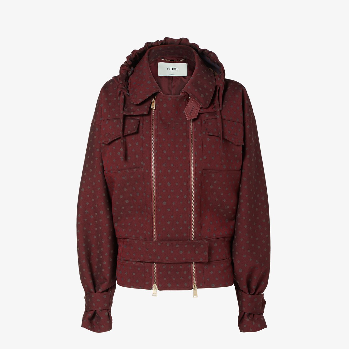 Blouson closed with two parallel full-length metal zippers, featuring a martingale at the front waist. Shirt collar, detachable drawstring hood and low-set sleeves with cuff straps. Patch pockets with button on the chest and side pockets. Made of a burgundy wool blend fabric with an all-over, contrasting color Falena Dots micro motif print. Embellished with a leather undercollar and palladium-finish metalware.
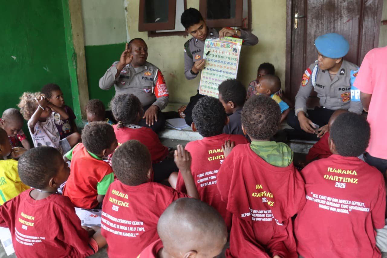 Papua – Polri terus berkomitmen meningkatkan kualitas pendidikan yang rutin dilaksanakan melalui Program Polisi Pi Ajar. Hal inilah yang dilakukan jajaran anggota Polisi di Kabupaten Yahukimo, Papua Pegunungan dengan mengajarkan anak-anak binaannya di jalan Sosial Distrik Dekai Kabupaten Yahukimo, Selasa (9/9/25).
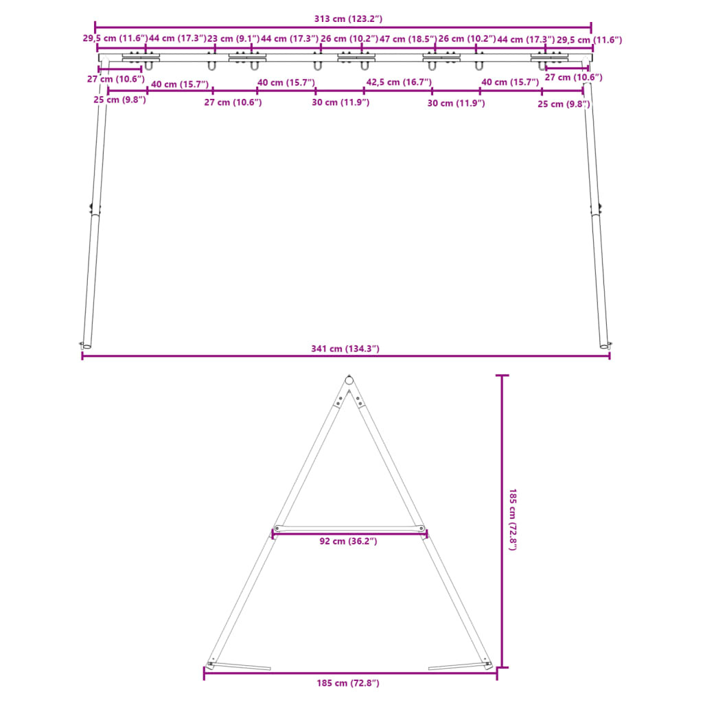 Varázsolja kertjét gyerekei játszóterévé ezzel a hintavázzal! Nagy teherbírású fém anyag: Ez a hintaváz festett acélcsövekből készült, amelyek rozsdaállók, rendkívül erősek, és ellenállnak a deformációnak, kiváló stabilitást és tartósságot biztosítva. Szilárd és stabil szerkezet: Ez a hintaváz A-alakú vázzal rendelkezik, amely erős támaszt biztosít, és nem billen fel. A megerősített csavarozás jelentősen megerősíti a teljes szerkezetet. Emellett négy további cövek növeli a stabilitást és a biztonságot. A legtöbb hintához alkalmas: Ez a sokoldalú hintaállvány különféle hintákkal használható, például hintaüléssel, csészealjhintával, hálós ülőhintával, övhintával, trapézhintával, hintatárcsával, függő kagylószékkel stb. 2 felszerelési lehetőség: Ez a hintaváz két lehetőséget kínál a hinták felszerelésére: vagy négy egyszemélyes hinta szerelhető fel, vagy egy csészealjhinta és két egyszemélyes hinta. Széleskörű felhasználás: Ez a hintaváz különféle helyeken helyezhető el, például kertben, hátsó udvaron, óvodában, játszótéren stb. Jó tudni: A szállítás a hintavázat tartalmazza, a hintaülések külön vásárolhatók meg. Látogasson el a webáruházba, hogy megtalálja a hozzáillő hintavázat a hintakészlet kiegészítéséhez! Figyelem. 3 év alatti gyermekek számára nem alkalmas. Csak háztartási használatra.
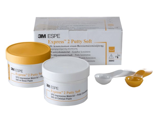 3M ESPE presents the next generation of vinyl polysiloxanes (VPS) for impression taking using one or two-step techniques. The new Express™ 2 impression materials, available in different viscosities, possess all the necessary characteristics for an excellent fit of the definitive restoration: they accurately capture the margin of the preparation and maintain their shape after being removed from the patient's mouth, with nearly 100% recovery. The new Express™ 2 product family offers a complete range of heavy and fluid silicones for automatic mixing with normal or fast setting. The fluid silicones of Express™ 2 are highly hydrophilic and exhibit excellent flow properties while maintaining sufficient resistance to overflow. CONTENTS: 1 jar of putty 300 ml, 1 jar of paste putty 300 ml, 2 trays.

WORK TO BE COMPLETED | Print the listing word for word, but omit the pictures.

EXERCISE ANSWER |
 Blouson closed with two parallel full-length metal zippers, featuring a martingale at the front waist. Shirt collar, detachable drawstring hood and low-set sleeves with cuff straps. Patch pockets with button on the chest and side pockets. Made of a burgundy wool blend fabric with an all-over, contrasting color Falena Dots micro motif print. Embellished with a leather undercollar and palladium-finish metalware.
 Papua – Polri terus berkomitmen meningkatkan kualitas pendidikan yang rutin dilaksanakan melalui Program Polisi Pi Ajar. Hal inilah yang dilakukan jajaran anggota Polisi di Kabupaten Yahukimo, Papua Pegunungan dengan mengajarkan anak-anak binaannya di jalan Sosial Distrik Dekai Kabupaten Yahukimo, Selasa (9/9/25).
 Varázsolja kertjét gyerekei játszóterévé ezzel a hintavázzal! Nagy teherbírású fém anyag: Ez a hintaváz festett acélcsövekből készült, amelyek rozsdaállók, rendkívül erősek, és ellenállnak a deformációnak, kiváló stabilitást és tartósságot biztosítva. Szilárd és stabil szerkezet: Ez a hintaváz A-alakú vázzal rendelkezik, amely erős támaszt biztosít, és nem billen fel. A megerősített csavarozás jelentősen megerősíti a teljes szerkezetet. Emellett négy további cövek növeli a stabilitást és a biztonságot. A legtöbb hintához alkalmas: Ez a sokoldalú hintaállvány különféle hintákkal használható, például hintaüléssel, csészealjhintával, hálós ülőhintával, övhintával, trapézhintával, hintatárcsával, függő kagylószékkel stb. 2 felszerelési lehetőség: Ez a hintaváz két lehetőséget kínál a hinták felszerelésére: vagy négy egyszemélyes hinta szerelhető fel, vagy egy csészealjhinta és két egyszemélyes hinta. Széleskörű felhasználás: Ez a hintaváz különféle helyeken helyezhető el, például kertben, hátsó udvaron, óvodában, játszótéren stb. Jó tudni: A szállítás a hintavázat tartalmazza, a hintaülések külön vásárolhatók meg. Látogasson el a webáruházba, hogy megtalálja a hozzáillő hintavázat a hintakészlet kiegészítéséhez! Figyelem. 3 év alatti gyermekek számára nem alkalmas. Csak háztartási használatra.
 3M ESPE presents the next generation of vinyl polysiloxanes (VPS) for impression taking using one or two-step techniques. The new Express™ 2 impression materials, available in different viscosities, possess all the necessary characteristics for an excellent fit of the definitive restoration: they accurately capture the margin of the preparation and maintain their shape after being removed from the patient's mouth, with nearly 100% recovery. The new Express™ 2 product family offers a complete range of heavy and fluid silicones for automatic mixing with normal or fast setting. The fluid silicones of Express™ 2 are highly hydrophilic and exhibit excellent flow properties while maintaining sufficient resistance to overflow. CONTENTS: 1 jar of putty 300 ml, 1 jar of paste putty 300 ml, 2 trays.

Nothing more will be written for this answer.